Kolkata-based Basant Maheshwari has made a name for himself as a value investor and has the credit of spotting several multi-bagger stocks. Mr Maheshwari took to full-time investing in 2001 after his family business failed to take off.
Kolkata-based Basant Maheshwari has made a name for himself as a value investor and has the credit of spotting several multi-bagger stocks. Mr Maheshwari took to full-time investing in 2001 after his family business failed to take off.
Between 2001 and 2014, Mr Maheshwari invested in companies such as Bharti Airtel, Trent, Pantaloon Retail, Axis Bank, Titan, Page Industries, Hawkins Cookers and Gruh Finance successfully.
He is the founder of investment portal The Equity Desk and author of "The Thoughtful Investor". Besides investing, Mr Maheshwari is passionate about teaching.
Investment strategy: Mr Maheshwari told NDTV that he prefers companies which generate large profits by employing little cash. Such companies tend to be cash flow positive, and in bad years, the free cash flow turns into dividends, he added. (Watch the full interview here)
Mr Maheshwari's investment mantra:
1) Invest in companies that have a return on equity (in excess of 30 per cent) and that pay regular dividend. These two factors are a sign of sound management, he says.
2) Invest in companies with high sales growth: Companies that generate 25-30 per cent sales growth for 5-6 years are unlikely to be loss-making propositions, he says.
3) Never buy into a company which is not a sector leader.
4) Buy companies, which are trading at market price/face value of more than 100.
5) Companies with debt can also be good bets provided the growth in debt is significantly less than growth in sales.
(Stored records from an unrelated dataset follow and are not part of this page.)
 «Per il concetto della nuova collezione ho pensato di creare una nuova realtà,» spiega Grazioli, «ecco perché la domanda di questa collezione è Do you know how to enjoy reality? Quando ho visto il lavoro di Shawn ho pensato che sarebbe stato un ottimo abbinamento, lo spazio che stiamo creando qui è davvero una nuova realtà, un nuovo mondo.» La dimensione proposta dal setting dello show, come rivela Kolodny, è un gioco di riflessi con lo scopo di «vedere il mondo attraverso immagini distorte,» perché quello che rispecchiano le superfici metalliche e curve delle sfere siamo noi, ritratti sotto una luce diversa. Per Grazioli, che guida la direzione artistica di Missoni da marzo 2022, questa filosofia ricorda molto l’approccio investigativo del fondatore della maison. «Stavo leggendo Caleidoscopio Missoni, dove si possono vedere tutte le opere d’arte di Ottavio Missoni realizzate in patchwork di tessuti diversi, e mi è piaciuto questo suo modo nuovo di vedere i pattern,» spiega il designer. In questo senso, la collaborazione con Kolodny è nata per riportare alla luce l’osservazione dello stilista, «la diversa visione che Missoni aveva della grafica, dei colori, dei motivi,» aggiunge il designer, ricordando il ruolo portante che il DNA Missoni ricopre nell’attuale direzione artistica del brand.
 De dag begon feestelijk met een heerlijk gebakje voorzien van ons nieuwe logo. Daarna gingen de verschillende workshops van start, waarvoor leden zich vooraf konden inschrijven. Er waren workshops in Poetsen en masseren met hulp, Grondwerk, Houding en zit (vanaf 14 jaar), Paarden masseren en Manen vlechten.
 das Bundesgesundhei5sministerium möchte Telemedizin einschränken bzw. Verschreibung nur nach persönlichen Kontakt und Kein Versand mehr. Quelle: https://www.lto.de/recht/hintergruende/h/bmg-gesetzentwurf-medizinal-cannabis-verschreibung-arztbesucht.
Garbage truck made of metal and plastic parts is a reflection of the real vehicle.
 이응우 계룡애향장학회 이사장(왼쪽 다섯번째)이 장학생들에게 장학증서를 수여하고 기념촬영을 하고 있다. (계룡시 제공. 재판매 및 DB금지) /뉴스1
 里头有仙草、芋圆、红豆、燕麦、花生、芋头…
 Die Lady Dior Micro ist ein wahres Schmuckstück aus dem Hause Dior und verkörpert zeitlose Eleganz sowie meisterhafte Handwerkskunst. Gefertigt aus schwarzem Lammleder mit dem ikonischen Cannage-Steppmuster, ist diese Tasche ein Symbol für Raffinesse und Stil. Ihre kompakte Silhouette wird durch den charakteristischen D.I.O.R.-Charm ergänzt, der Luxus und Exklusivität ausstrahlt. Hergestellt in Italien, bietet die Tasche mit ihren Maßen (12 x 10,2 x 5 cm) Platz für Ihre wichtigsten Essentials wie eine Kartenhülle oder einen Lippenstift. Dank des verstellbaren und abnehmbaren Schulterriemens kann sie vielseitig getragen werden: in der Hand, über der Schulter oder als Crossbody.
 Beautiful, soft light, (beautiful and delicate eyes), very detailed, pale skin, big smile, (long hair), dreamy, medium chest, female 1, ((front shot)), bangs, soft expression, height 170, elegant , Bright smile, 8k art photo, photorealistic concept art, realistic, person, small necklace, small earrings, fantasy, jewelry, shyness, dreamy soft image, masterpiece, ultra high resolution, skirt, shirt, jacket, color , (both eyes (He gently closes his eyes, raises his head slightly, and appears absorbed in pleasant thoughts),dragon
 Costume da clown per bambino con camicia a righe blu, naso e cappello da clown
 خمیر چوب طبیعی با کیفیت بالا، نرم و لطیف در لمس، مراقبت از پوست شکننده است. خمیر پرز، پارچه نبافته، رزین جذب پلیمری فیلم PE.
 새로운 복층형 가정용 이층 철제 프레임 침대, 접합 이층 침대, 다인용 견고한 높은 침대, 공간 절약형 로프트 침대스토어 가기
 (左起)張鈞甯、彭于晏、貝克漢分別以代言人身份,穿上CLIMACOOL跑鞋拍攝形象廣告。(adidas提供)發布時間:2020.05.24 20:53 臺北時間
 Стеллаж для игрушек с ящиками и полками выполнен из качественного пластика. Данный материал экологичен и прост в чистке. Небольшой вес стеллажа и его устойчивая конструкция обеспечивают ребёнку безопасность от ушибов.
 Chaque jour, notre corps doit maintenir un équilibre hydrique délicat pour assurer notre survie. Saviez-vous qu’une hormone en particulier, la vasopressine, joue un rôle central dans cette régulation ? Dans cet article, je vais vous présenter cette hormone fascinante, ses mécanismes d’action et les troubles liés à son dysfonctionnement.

Mr Maheshwari's multi-baggers and his rationale for investing in them:
1) Page Industries: bought at Rs 350; return of 20 times between 2008-14. Criteria for selection: Consistent growth of 40 per cent for 11-12 years and kept on capturing market share. Best growth in the industry. Did not take debt or dilute equity.
2) Hawkins Cookers: bought at Rs 350; return of 8 times between 2008-14. Criteria for selection: Bought the stock for dividend yield and stability in portfolio after the 2008 global financial crisis. The kitchen appliances markets was growing at a fast pace.
3) Pantaloon Retail: Held between 2003 and 2008, return of 40 times. Criteria for selection: It was a bull market story, which ended with the global financial crisis. Initial thought that it could be India's Wal-Mart, but later convinced that it required heavy doses of cash, which would have been difficult in a bear market.
4) Titan: Bought in 2008 after selling Pantaloon as a retail play. Between 2008 and 2013, it gave return of 6 times. Criteria for selection: Big brand, high RoE. Sold last year after announcement of restrictions on gold imports.
5) Gruh Finance: Held between 2011 and 2014 for return of four times. Criteria for selection: A home finance company that outgrew HDFC. It lends in semi-urban and rural areas, where there is little competition from big lenders. Small ticket-size of loans and good risk management. Repco Home Finance is another good bet.
Story That Did Not Go As Planned:
Mr Maheshwari bought Voltas in 2008 and had to sell the stock at a 60 per cent loss. He says, "It was a bad decision and I paid the price." Criteria for selection: Voltas fell from Rs 250 to Rs 160 and after the sharp fall it appeared cheap. However, the stock continued to slide.
Mr Maheshwari's Tips for Retail Investors:
Companies associated with housing sector might do well as the economy is looking up and interest rates are likely to come down. Companies such as Kajaria Ceramics, Whirlpool of India and Symphony and finance companies such as Gruh and Repco may turn out to be good bets in future.